Sakana Fugu
What Fugu Is and How It Works
- Described as an “orchestrator” or “coordinator” LLM that sits in front of multiple models.
- Regular Fugu appears to route a request to the most suitable model; Fugu Ultra can create multi-step workflows (e.g., one model for math, another for security checks, another for synthesis).
- It is exposed as a single OpenAI-compatible endpoint, enabling “agent of agents” setups inside existing tools.
Comparisons to Other Multi-Model Systems
- Frequently compared to OpenRouter Fusion:
- Fusion = call several models in parallel + a synthesizer step.

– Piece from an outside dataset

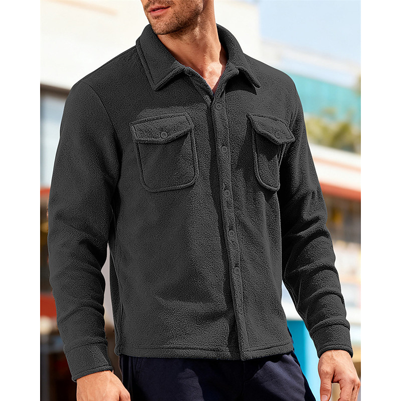 Men's Shirt Shirt Jacket Winter Jacket Plaid Vacation Daily Wear Black Navy Blue Royal Blue Army Green Long Sleeve Lapel Fall Winter Clothing Apparel Pocket

- Fugu = use a dedicated routing model to pick models and sometimes plan sequences.
- Also compared to Perplexity, Databricks Omnigent, various open-source orchestrators, and simple ensemble methods from classical ML.
- Some users note similar open-source fusions reportedly match or beat top models at lower cost.
Performance, Quality, and Speed
- Mixed reports:
- Some say Fugu-level performance is near frontier models for certain code-review / reasoning tasks.
- Others find it weaker than leading frontier models for implementation tasks and prone to mistakes.
- Latency is a recurring complaint; orchestration and multi-step workflows make it feel slow.
- Technical report is criticized for showing only modest gains over underlying models.
Pricing, Economics, and Alternatives
- Many find the $200/month tier expensive, especially given reported ~5 hours of usable time and high token burn.
- Several commenters prefer:
- Direct access to frontier models at similar or lower effective cost.
- Very cheap models (e.g., DeepSeek) or local/open-source setups, sometimes orchestrated themselves.
- Others note subscription fatigue from stacking many paid AI tools.
Research, Architecture, and Future Potential
- Some see routing/orchestration as the logical next step: combining specialized models and agents can outperform any single model.
- There’s interest in applying similar ideas to boost smaller, locally hostable models.
- Concern that frontier labs could integrate equivalent meta-reasoning and make such services obsolete.
Criticism, Risks, and Ethics
- Skepticism about “frontier-level” marketing and about just replacing one vendor lock-in with another.
- Frustration over lack of EU availability.
- Ethical objections to the company’s involvement in defense/military work.